Subventions : les Algériens peuvent-ils vraiment s’en passer ?
Ryad Hamadi, TSA, 07 Juin 2022
Au moment où l’Algérie songe à réviser son système de subventions « universelles » des produits de première nécessité, c’est au contraire un « produit » supplémentaire, totalement inattendu, que l’État s’engage à prendre en charge en partie.
Il s’agit du hadj, le pèlerinage aux lieux saint de l’islam. Son coût pour cette année est fixé à un peu plus de 850. 000 dinars algériens, incluant tous les frais, entre le billet d’avion et le séjour en Arabie saoudite. Le montant est jugé excessif et pas à la portée de tous ceux qui désirent accomplir le cinquième pilier de l’islam.
La Fédération algérienne des consommateurs (FAC) a par exemple demandé la baisse du prix du billet d’avion et la prise en charge des frais d’hébergement des hadjis. Un débat a même eu lieu au Parlement où des députés ont interpellé le ministre des Affaires religieuses sur la hausse vertigineuse du coût du hadj qui a augmenté de 300.000 dinars par rapport à 2019. En 2020 et 2021, le hadj a été suspendu par l’Arabie saoudite à cause de la pandémie de covid-19.
Une doléance à laquelle le président de la République n’est pas restée insensible. En Conseil des ministres, dimanche 5 juin, Abdelmadjid Tebboune a annoncé une remise de 100.000 dinars pour tous les pèlerins algériens.
« La préoccupation de nos fidèles pèlerins, liée au coût élevé du Hadj, pour cette année, en raison de la situation économique mondiale, a été abordée », a indiqué le Conseil des ministres dans un communiqué.

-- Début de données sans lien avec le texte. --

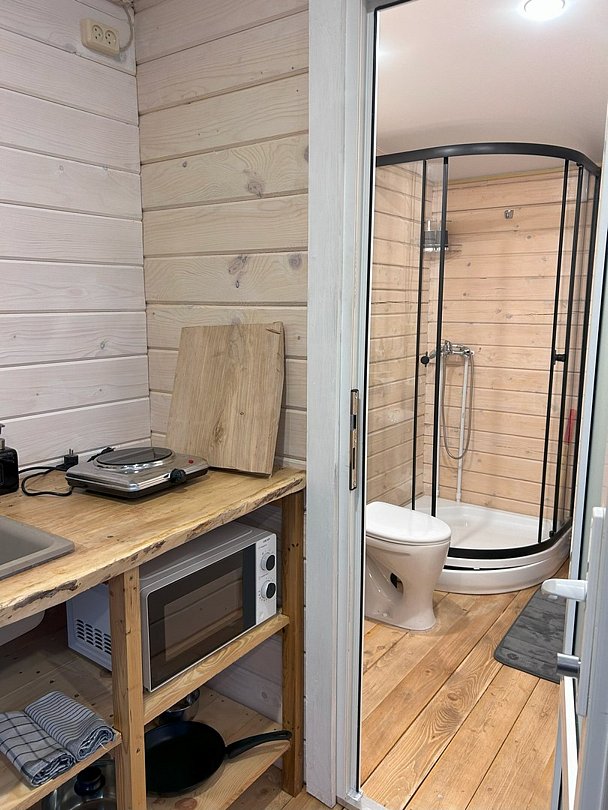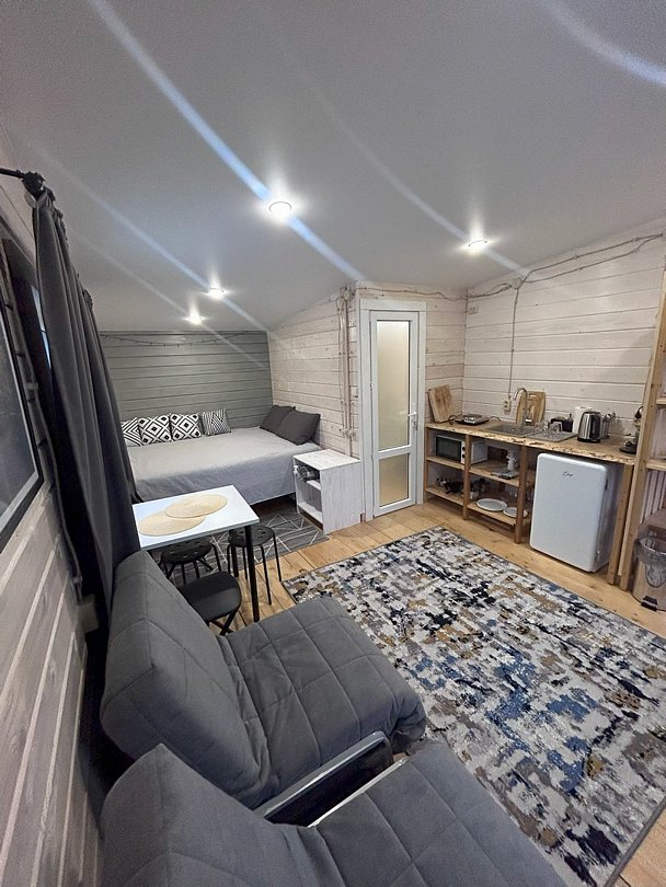 Wi-Fi, кондиционер, микроволновая печь, душевая кабина, тапочки, вешалки, обеденный стол, зеркало, ковер, чайник, унитаз, раковина, отопление, кухонная посуда, кухонная утварь, столовые приборы, стул, туалетные средства, туалет, раскладной диван, мини-холодильник, мини-кухняВ номере

Il a précisé qu’il a décidé d’accorder une « remise de 100 000 dinars » aux candidats algériens au hadj.
Le président de la République a « donné des instructions au ministre des Transports pour indemniser les pèlerins, qui ont payé le prix du billet, dans le cadre du coût total du hadj », a indiqué la Présidence de la République dans un communiqué.
Si l’initiative est louable pour tous ceux qui plaident la facilitation au citoyen de l’accomplissement de ses devoirs religieux, elle soulève pour d’autres une interrogation : le Hadj peut-il faire l’objet de subvention ?

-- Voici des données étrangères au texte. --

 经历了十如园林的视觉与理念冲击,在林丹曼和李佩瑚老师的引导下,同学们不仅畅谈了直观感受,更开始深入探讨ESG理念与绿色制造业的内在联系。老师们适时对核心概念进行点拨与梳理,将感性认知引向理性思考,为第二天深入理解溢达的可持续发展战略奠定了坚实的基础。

L’interrogation devient encore plus pertinente quand on sait que la subvention touchera tous les candidats au Hadj, même les riches, voire les très riches.

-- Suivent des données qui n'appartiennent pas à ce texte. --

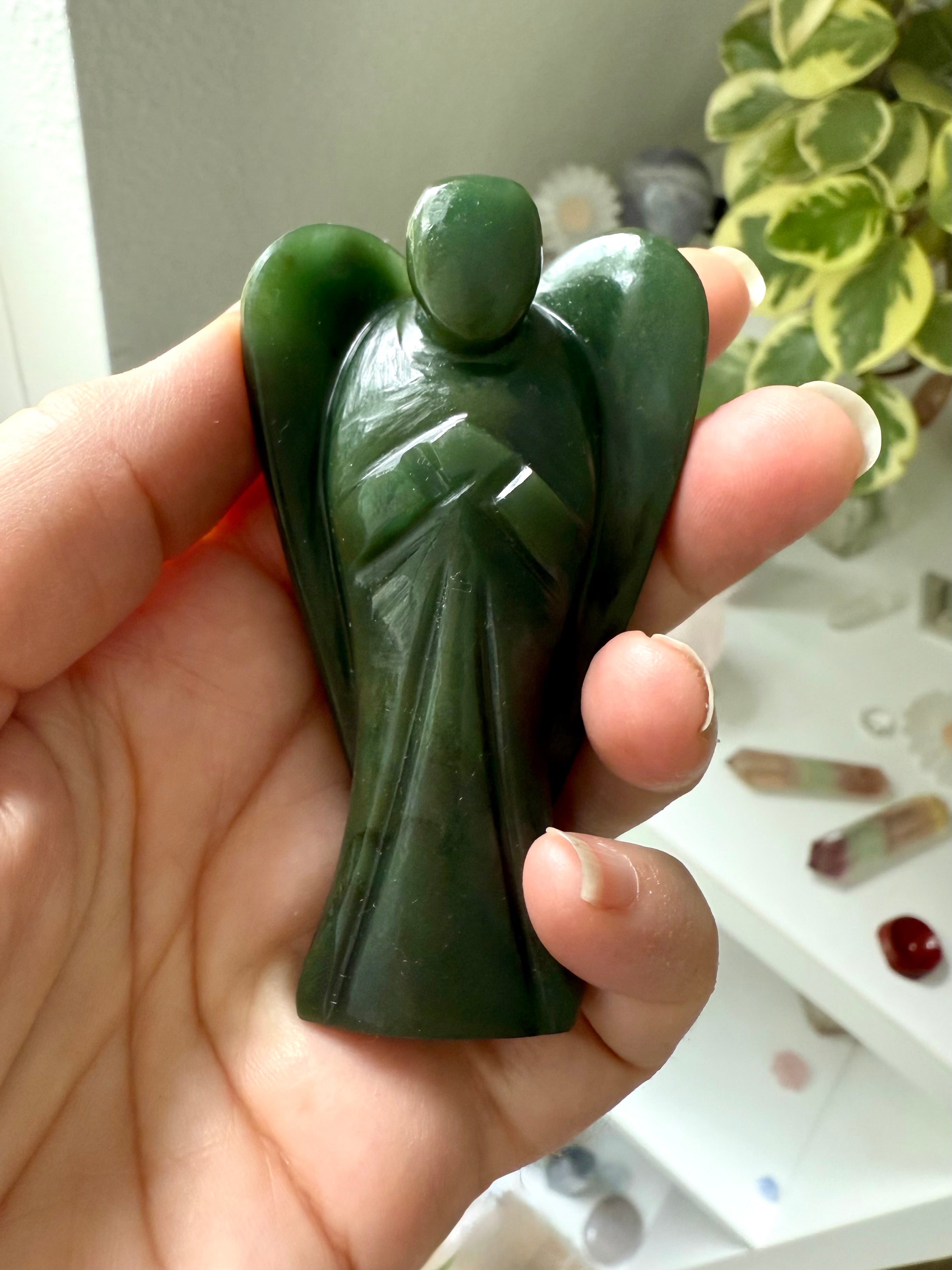 You will receive the exact stone Angel that you see in the pictures. This carved piece of jade is a natural gift from Gaia with unique variances in the stone.

Mêmes les plus riches bénéficient de la subvention
Or, concernant les produits de consommation et l’énergie, c’est la généralisation des subventions à toutes les catégories qui posent problème. C’est même l’argument principal du gouvernement dans son projet de les réviser.
De plus, le Hadj constitue certes un des cinq piliers de l’islam, mais ce n’est une obligation que pour « ceux qui ont en ont les moyens » matériels et physiques, donc ceux qui sont en bonne santé et qui peuvent supporter ses frais. Autrement dit, ceux qui ne sont pas dans de telles dispositions, ne sont point tenus de faire le déplacement en Arabie saoudite et effectuer le rituel.
Avant la crise sanitaire, le quota de l’Algérie était d’environ 36 000 pèlerins. Cette année, les autorités saoudiennes ont revu à la baisse le nombre total de pèlerins à recevoir de près de 2 millions à 850.000.
Le quota de l’Algérie est par conséquent réduit de moitié, à un peu plus de 18 000 pèlerins. À raison de 100 000 dinars par hadji, la subvention décidée par le président de la République devrait coûter 1,8 milliard de dinars.
La subvention du billet d’avion pour le Hadj survient dans un contexte de hausse généralisée des prix de produits de consommation pour facteurs internes et externes liés à l’inflation et aux conséquences de la pandémie de covid-19 sur l’économie mondiale. Cette subvention montre que le gouvernement aura du mal à réformer en profondeur le système des subventions qui est injuste et coûteux, puisque les Algériens ne semblent pas être prêts à s’en passer.